◆ **THE TASK**: Your task is to retype the lines from the opening of the material through the line that includes "В рамках содержания". Do not copy the pictures.

◆ **DATASET CONTENT**:
********

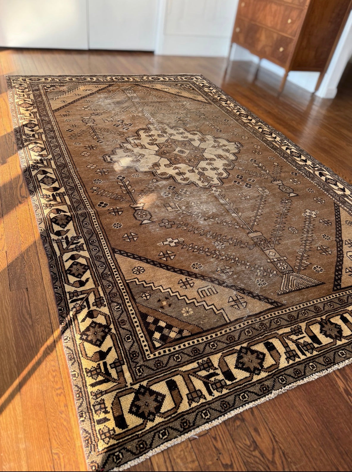 Free Shipping within 48 hours | Returns accepted | Questions? DM me on Instagram | Please note: These rugs are old and have lived a long life. When dealing with antique and vintage rugs it is very common to see color & size variations, signs of wear, repairs, etc. I photograph using natural light only. I do not retouch or otherwise manipulate images of rugs. Prices are very competitive because the rugs are not professionally cleaned. Every rug is however vacuumed two times front and back.
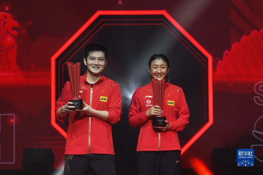 3月20日,中國選手樊振東(左)與本次比賽女單冠軍、隊友陳夢在頒獎儀式上。新華社發(fā)(鄧智煒攝)
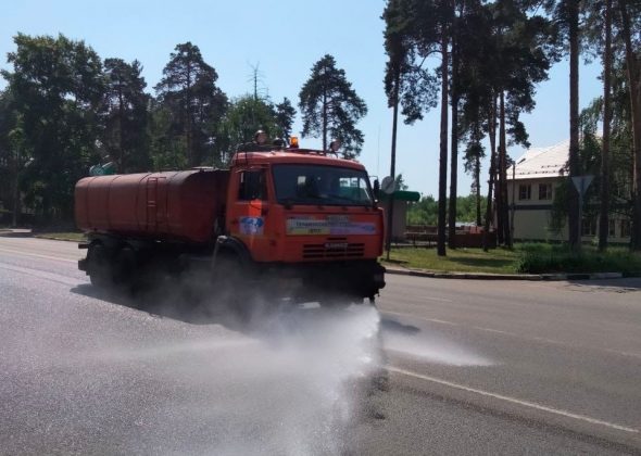 В рамках содержания муниципальной сети автомобильных дорог общего пользования Раменского городского округа в связи с аномальной жарой проводится ежедневная поливка и увлажнение проезжей части.
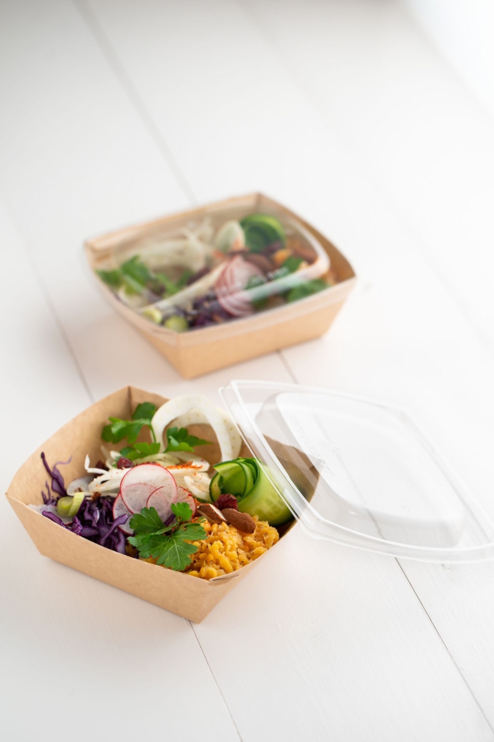 High clarity rPET lid that perfectly fits the Snap2Go Trays 750 & 1000ml. Choose our anti-fog post consumer recycled PET lids that ensure your food remains on show at all times. The rPET lid ensures maximum product visibility and is made from at least 50% recycled materials.

********

◆ **ANSWER SPACE**:
 Free Shipping within 48 hours | Returns accepted | Questions? DM me on Instagram | Please note: These rugs are old and have lived a long life. When dealing with antique and vintage rugs it is very common to see color & size variations, signs of wear, repairs, etc. I photograph using natural light only. I do not retouch or otherwise manipulate images of rugs. Prices are very competitive because the rugs are not professionally cleaned. Every rug is however vacuumed two times front and back.
 3月20日,中國選手樊振東(左)與本次比賽女單冠軍、隊友陳夢在頒獎儀式上。新華社發(fā)(鄧智煒攝)
 В рамках содержания муниципальной сети автомобильных дорог общего пользования Раменского городского округа в связи с аномальной жарой проводится ежедневная поливка и увлажнение проезжей части.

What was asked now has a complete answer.